Lightning cursed silently, and repeated in that same, painfully sultry voice, "I said, maybe I do wanna come check out that big bridge of yours."

Surely there has to be a better way to do this. You weren't thinking hard enough, soldier.

Gilgamesh, however, looked completely stunned by her seemingly positive response. He blinked again, lowering his latest randomly-drawn sword and letting it vanish in a flurry of sparks.

"What, really? You actually wanna – ha ha, take that, Necrophobe! I totally can get laid!"

As the man began to moonwalk and dance to some sort of internal victory fanfare, Lightning slipped behind him, summoning her magic for an enhanced strike. Without further preamble, Lightning slammed her thunder-charged punch into the back of Gilgamesh's tasseled head. The man crashed to the ground in a tangle of limbs.

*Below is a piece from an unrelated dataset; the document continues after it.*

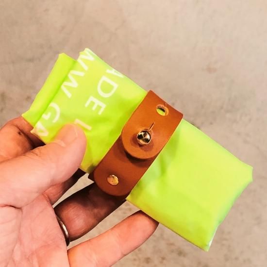 別売りのトートバッッグホルダーは2タイプを用意しました。気軽に持ち歩けるよう製作した「バンドタイプ」と、カバンやリュックなどに取り付ける事が可能な「ハングタイプ」を販売しております。メインでお使いの鞄やリュックの中にレザーホルダーでまとめたトートバッグを入れておくと、急なお買い物やレジ袋変わりにもなり非常に便利です。普段手ぶらで移動することが多いと言う方も、コンパクトに収納されたトートをポケットに忍ばせておけば、エコバッグ代わりに使えるので安心だと思います。

Satisfied that the man was completely out cold, Lightning cracked her knuckles and walked away from him in utter disgust.

"Not even in your dreams," she told him in a low voice.


If this wasn't Final Fantasy, I'd actually be a bit concerned for Gil. But seeing as it is Final Fantasy, and this is Gilgamesh, I wouldn't worry about how he bounces back. Lightning just had to go and give him hope, didn't she?